▶ **Task to carry out**
What is needed is an exact copy of the lines in the listing below, from the one with "Im Landesforst Rheinland-Pfalz, Abteilung" up to and including the one with "ロココ調の優美なデザインと、", with no other lines.

▶ **The data**
• • • •

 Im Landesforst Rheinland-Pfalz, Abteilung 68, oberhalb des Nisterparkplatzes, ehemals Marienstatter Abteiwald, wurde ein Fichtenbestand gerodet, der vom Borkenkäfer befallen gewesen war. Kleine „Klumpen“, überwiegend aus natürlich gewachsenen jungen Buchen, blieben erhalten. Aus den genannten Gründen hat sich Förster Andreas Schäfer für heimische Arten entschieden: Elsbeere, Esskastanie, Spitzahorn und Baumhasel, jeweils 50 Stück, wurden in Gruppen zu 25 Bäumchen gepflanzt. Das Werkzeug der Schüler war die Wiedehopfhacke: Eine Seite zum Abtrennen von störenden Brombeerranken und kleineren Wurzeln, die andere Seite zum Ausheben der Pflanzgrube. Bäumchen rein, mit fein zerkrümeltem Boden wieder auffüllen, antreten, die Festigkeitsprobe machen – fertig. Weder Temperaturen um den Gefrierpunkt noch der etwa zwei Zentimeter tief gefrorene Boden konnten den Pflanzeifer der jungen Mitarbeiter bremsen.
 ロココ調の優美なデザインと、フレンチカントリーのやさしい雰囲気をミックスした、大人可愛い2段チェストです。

• • • •

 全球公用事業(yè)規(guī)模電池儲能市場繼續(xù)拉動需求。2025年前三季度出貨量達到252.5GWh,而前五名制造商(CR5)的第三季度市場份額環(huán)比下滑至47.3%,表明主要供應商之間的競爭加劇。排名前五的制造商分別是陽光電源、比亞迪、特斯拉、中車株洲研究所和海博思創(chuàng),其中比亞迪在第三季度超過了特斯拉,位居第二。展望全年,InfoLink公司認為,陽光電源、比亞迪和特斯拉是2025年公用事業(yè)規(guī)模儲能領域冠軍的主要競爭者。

• • • •

▶ **Finished exercise**
 Im Landesforst Rheinland-Pfalz, Abteilung 68, oberhalb des Nisterparkplatzes, ehemals Marienstatter Abteiwald, wurde ein Fichtenbestand gerodet, der vom Borkenkäfer befallen gewesen war. Kleine „Klumpen“, überwiegend aus natürlich gewachsenen jungen Buchen, blieben erhalten. Aus den genannten Gründen hat sich Förster Andreas Schäfer für heimische Arten entschieden: Elsbeere, Esskastanie, Spitzahorn und Baumhasel, jeweils 50 Stück, wurden in Gruppen zu 25 Bäumchen gepflanzt. Das Werkzeug der Schüler war die Wiedehopfhacke: Eine Seite zum Abtrennen von störenden Brombeerranken und kleineren Wurzeln, die andere Seite zum Ausheben der Pflanzgrube. Bäumchen rein, mit fein zerkrümeltem Boden wieder auffüllen, antreten, die Festigkeitsprobe machen – fertig. Weder Temperaturen um den Gefrierpunkt noch der etwa zwei Zentimeter tief gefrorene Boden konnten den Pflanzeifer der jungen Mitarbeiter bremsen.
 ロココ調の優美なデザインと、フレンチカントリーのやさしい雰囲気をミックスした、大人可愛い2段チェストです。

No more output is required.